Let us suppose I have a continuous smooth function
$f : \mathbb R^n\rightarrow \mathbb R$
Satisfying
$f(\lambda x_1,\lambda x_2, \ldots ,\lambda x_n)= \lambda f( x_1,x_2, \ldots , x_n),\space \forall\lambda\in\mathbb R \space \ldots(linear \space condition)$
My objective is to find the function $f$
Attempt:
Expand in Taylor series the function $f$ for $n$ variables $(i.e.\space x_i)\space in \space the\space equation\space of \space linear \space condition$
1)The constant term is zero as $f(0,...,0)=0$.
2)The linear terms cancel either side.
3)With the higher order terms of coefficients c, $$\lambda^{k-1}c_k=c_k$$
This condition holds true $\forall k,\lambda \in \mathbb R$
This implies that all coefficients of higher order(>1) terms are zero.

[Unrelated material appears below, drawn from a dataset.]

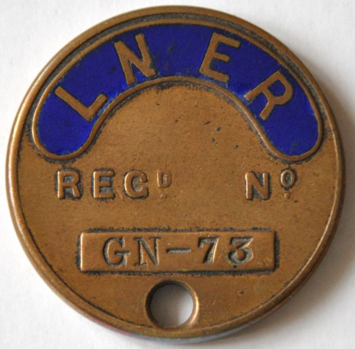 | Lot 406 | Category: PaychecksLNER brass and enamel paycheck type token. 1½" diameter, front showing "Electrical Department" with LNER in blue enamel above. Reverse shows "Regd. No. GN-73" again with LNER in blue enamel. £10 |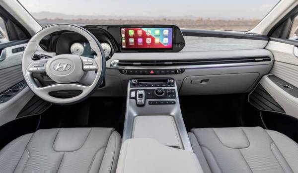 Наиболее заметные метаморфозы в интерьере Hyundai Palisade касаются торпедо. Дефлекторы вентиляции теперь визуально представляют единый блок, протянувшийся от правой двери до приборной панели. Виртуальные приборы теперь имеют новый дизайн, а медиацентр – 12,3-дюймовый экран вместо прежнего 10,25-дюймового. Еще Palisade получил новый руль, опциональное кресло водителя повышенной комфортности, подогрев кресел третьего ряда, видеозеркало заднего вида, беспроводную зарядку увеличенной мощности и разъемы USB-C.

Hence I conclude that the function is $$f( x_1,x_2, \ldots , x_n)= a_1 x_1 + a_2 x_2 \ldots +a_n x_n$$
for some constants $a_i(1\leq i \leq n)$
My doubt is:
1) Is my reasoning correct, or is there a better way to do it?

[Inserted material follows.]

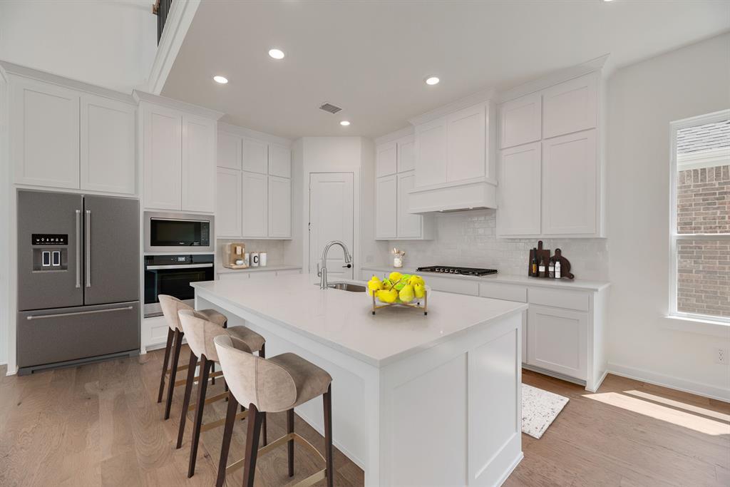 Spacious four-bedroom, three-and-a-half-bath home featuring a media room, game room, and private study! The luxury kitchen boasts quartz countertops, stylish cabinetry with glass uppers, and upgraded tile. Engineered wood flooring adds warmth and elegance throughout. Beautifully designed and ready this summer—call us today!

2) Is this the only unique solution for the function?
This is incorrect. Your approach is correct if $f$ is equal to its Taylor series, but this is not the case for most smooth functions.
What you can do instead is consider the behavior of $f$ along any line through the origin. Clearly the given homogeneity condition says $f$ is linear when restricted to any line through the origin (keep $(x_1,\dots,x_n)$ fixed and let $\lambda$ vary). Moreover, by computing the directional derivative at $0$ along such a line and using the fact that the directional derivative is the appropriate linear combination of the partial derivatives, you can conclude that in fact $f(x_1,\dots,x_n)=a_1x_1+\dots+a_nx_n$ where the $a_i$ are the partial derivatives of $f$ at $0$.